Requirement |
Could you restate word for word only the lines below from the one holding "HoneyBee annex 8周年記念🎉・:*:・。" to the one holding "OPI Repair Mode, con", inclusive, and leave out the pictures?

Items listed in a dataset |
Start of Block

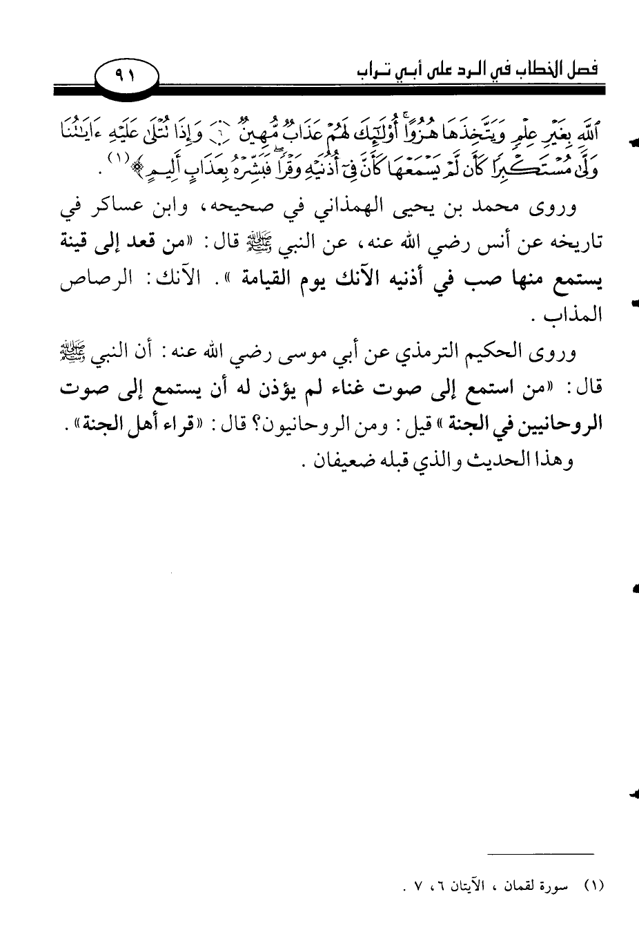 (¬1) سورة لقمان، الآيتان 6، 7.
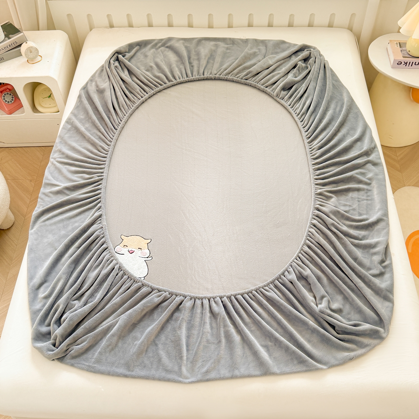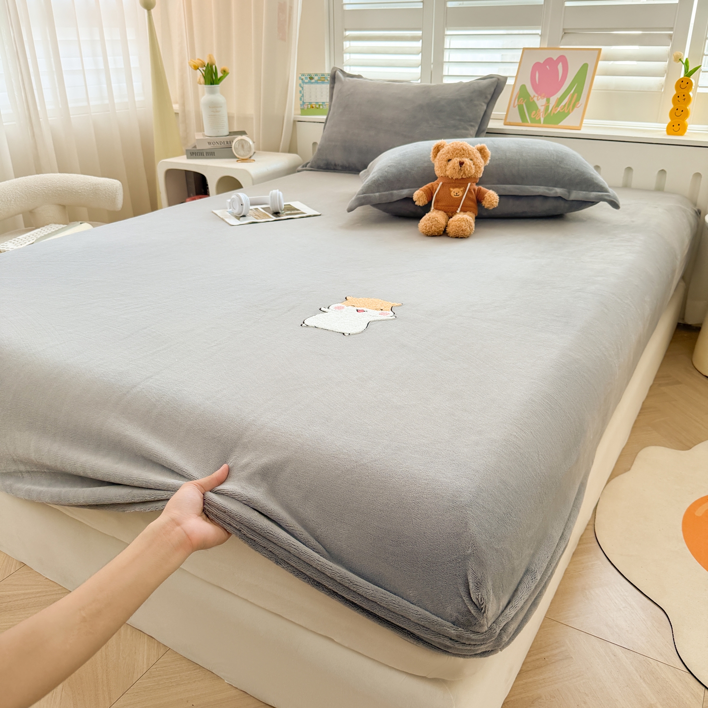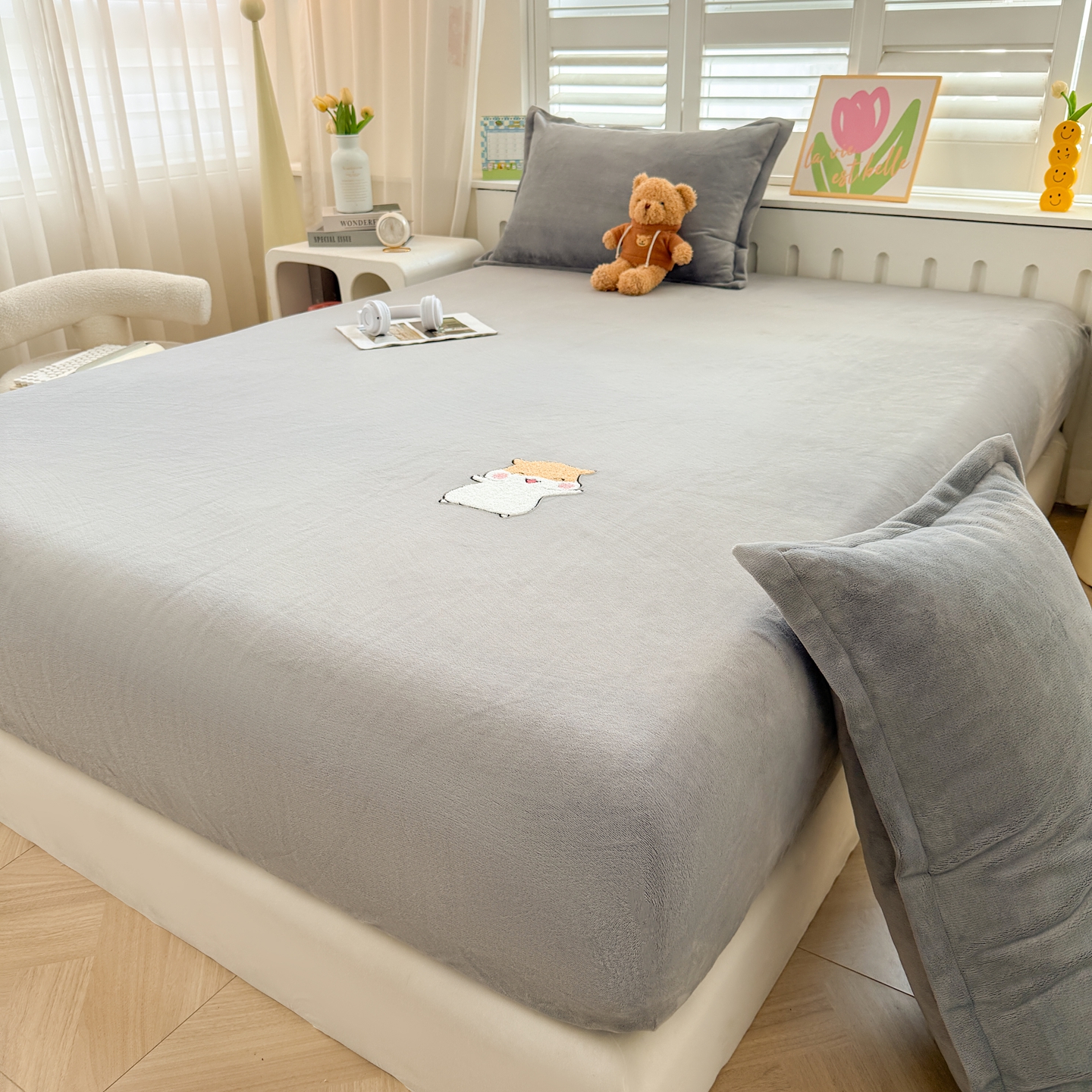 湘之帛 2025新款牛奶绒印花床笠 小松鼠-灰色
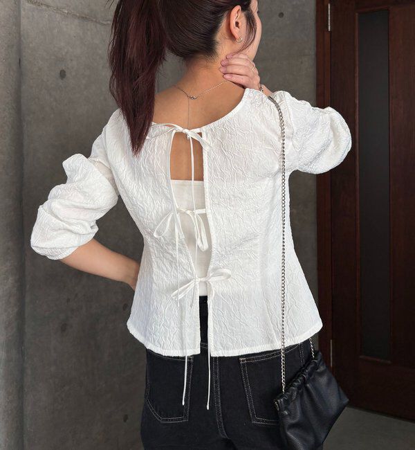 【カプリシュ レマージュ/CAPRICIEUX LE'MAGE】 ジャガードバックリボンペプラムブラウス
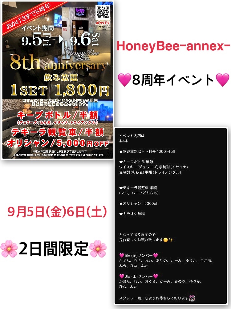HoneyBee annex 8周年記念🎉・:*:・。 - みかぱん - Queen Bee・クイーンビー - 苦竹のガールズバー
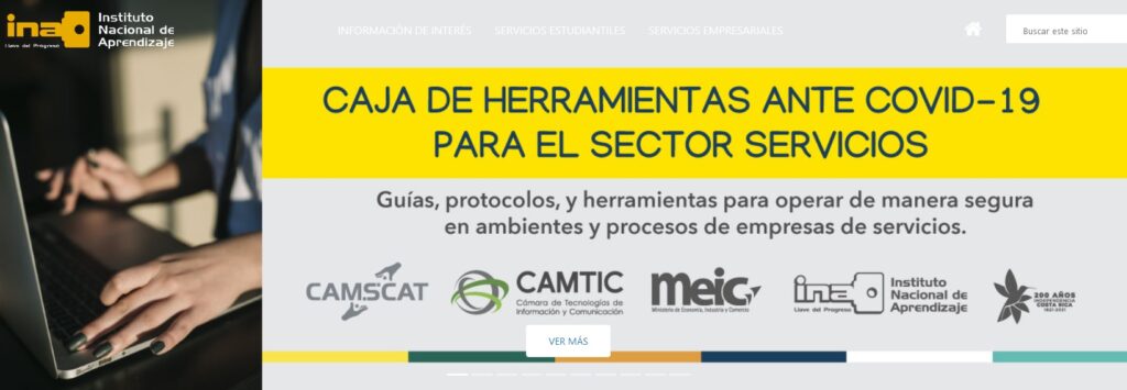 El Instituto Nacional de Aprendizaje (INA), Ministerio de Economía, Industria y Comercio (MEIC), la Cámara de Tecnologías de Información y Comunicación (CAMTIC) y la Cámara de Servicios Corporativos de Alta Tecnología (CamSCAT), unieron esfuerzos para la creación de la “Caja de herramientas para el Sector Servicios”, una guía virtual, para facilitar la aplicación de los protocolos sanitarios, establecidos por el Ministerio de Salud, ante la emergencia sanitaria por el COVID-19.
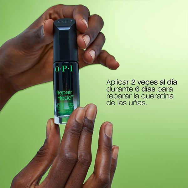 OPI Repair Mode, con tecnología patentada Ulti-Plex Technology™ repara la estructura de la queratina de la uña penetrando en la superficie para crear nuevos enlaces DENTRO de la uña natural. Quieres CTRL + ALT+ DEL daño en la uña? Repair Mode™. ¿Quieres prevenir los daños en las uñas causados por el lavado de manos o los productos de limpieza? ¡Ding ding ding! Repair Mode™. Este suero de uñas repara el 99% de la queratina de uñas. Las uñas se ven mejoradas tras la primera aplicación y, con el uso continuado, puedes esperar unas uñas más suaves y fuertes, resistentes a la rotura y un mejor aspecto de las irregularidades y el color.
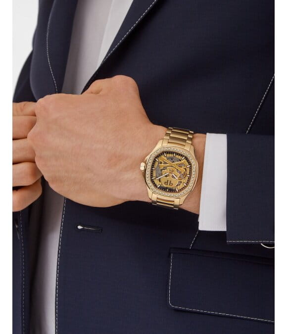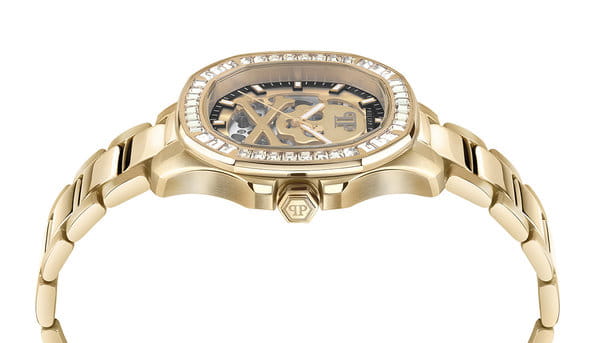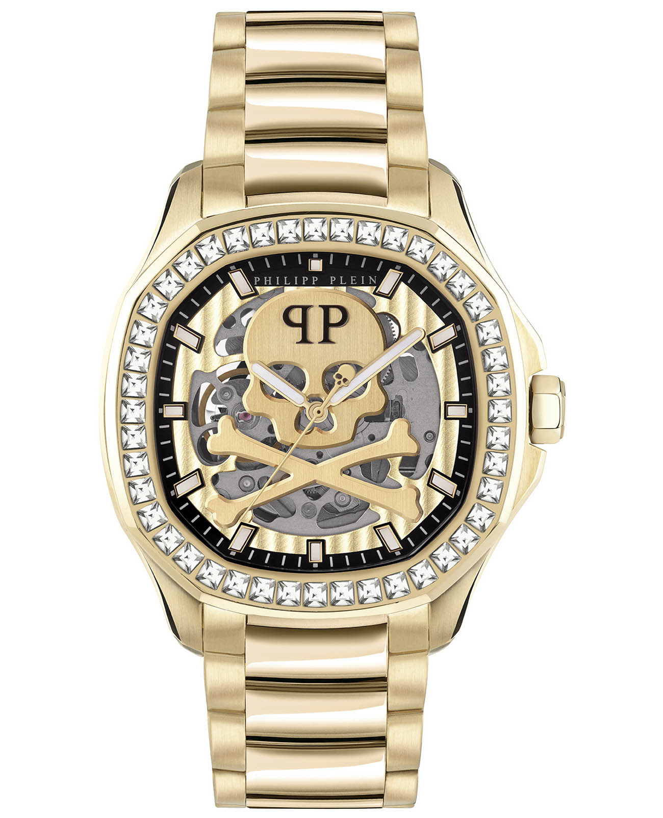 Механические мужские часы-скелетоны с минеральным стекломМинеральное стеклоМинеральное стекло представляет собой искусственно выращенный минерал кварца. Такое стекло отличается особой устойчивостью к повреждениям и царапинам. Уступает по некоторым качествам сапфировому стеклу. Philipp Plein Plein Philipp PWRAA0723, механический механизм с автоподзаводом. Класс водозащиты: 50 метров, позволит защитить корпус от случайных брызг или капель дождя. Корпус часов изготовлен из стали с IP-покрытиемIP-покрытиеМетод ионного напыления. Демонстрирует повышенную устойчивость к истиранию, окислению и химическим веществам. Под воздействием высокого давления и температуры около 1500°C молекулы металла надёжно соединяются с частицами корпуса часов.. Стрелки и метки с люминесцентным покрытиемЛюминесцентное покрытиеПозволяет считывать показания времени в темноте. Производители наносят на стрелки, часовые индексы, безель или поверхность циферблата светонакопительный состав, дающий холодное свечение.. Часы с механизмом, из которого удалён весь «лишний» металл, с прозрачными циферблатом и задней крышкой. Стальной браслет на застёжке-бабочке с кнопкамиЗастёжка "бабочка"Такой вид застёжки дополняется предохранителями, помогающими избежать случайного раскрытия браслета. Обладают изящным исполнением. с IP-покрытиемIP-покрытиеМетод ионного напыления. Демонстрирует повышенную устойчивость к истиранию, окислению и химическим веществам. Под воздействием высокого давления и температуры около 1500°C молекулы металла надёжно соединяются с частицами корпуса часов.. БезельБезельВнешний ободок, закрепляющий стекло. В спортивных часах так называется поворотное кольцо с делениями на циферблате, выполняет роль таймера – замеряет отрезки времени на шкале. Неподвижный безель – элемент декора. Однонаправленно вращающийся безель на дайверских часах позволяет фиксировать моменты погружения и выныривания на поверхность. инкрустирован кристаллами.

End of Block

Solved problem |
HoneyBee annex 8周年記念🎉・:*:・。 - みかぱん - Queen Bee・クイーンビー - 苦竹のガールズバー
 El Instituto Nacional de Aprendizaje (INA), Ministerio de Economía, Industria y Comercio (MEIC), la Cámara de Tecnologías de Información y Comunicación (CAMTIC) y la Cámara de Servicios Corporativos de Alta Tecnología (CamSCAT), unieron esfuerzos para la creación de la “Caja de herramientas para el Sector Servicios”, una guía virtual, para facilitar la aplicación de los protocolos sanitarios, establecidos por el Ministerio de Salud, ante la emergencia sanitaria por el COVID-19.
 OPI Repair Mode, con tecnología patentada Ulti-Plex Technology™ repara la estructura de la queratina de la uña penetrando en la superficie para crear nuevos enlaces DENTRO de la uña natural. Quieres CTRL + ALT+ DEL daño en la uña? Repair Mode™. ¿Quieres prevenir los daños en las uñas causados por el lavado de manos o los productos de limpieza? ¡Ding ding ding! Repair Mode™. Este suero de uñas repara el 99% de la queratina de uñas. Las uñas se ven mejoradas tras la primera aplicación y, con el uso continuado, puedes esperar unas uñas más suaves y fuertes, resistentes a la rotura y un mejor aspecto de las irregularidades y el color.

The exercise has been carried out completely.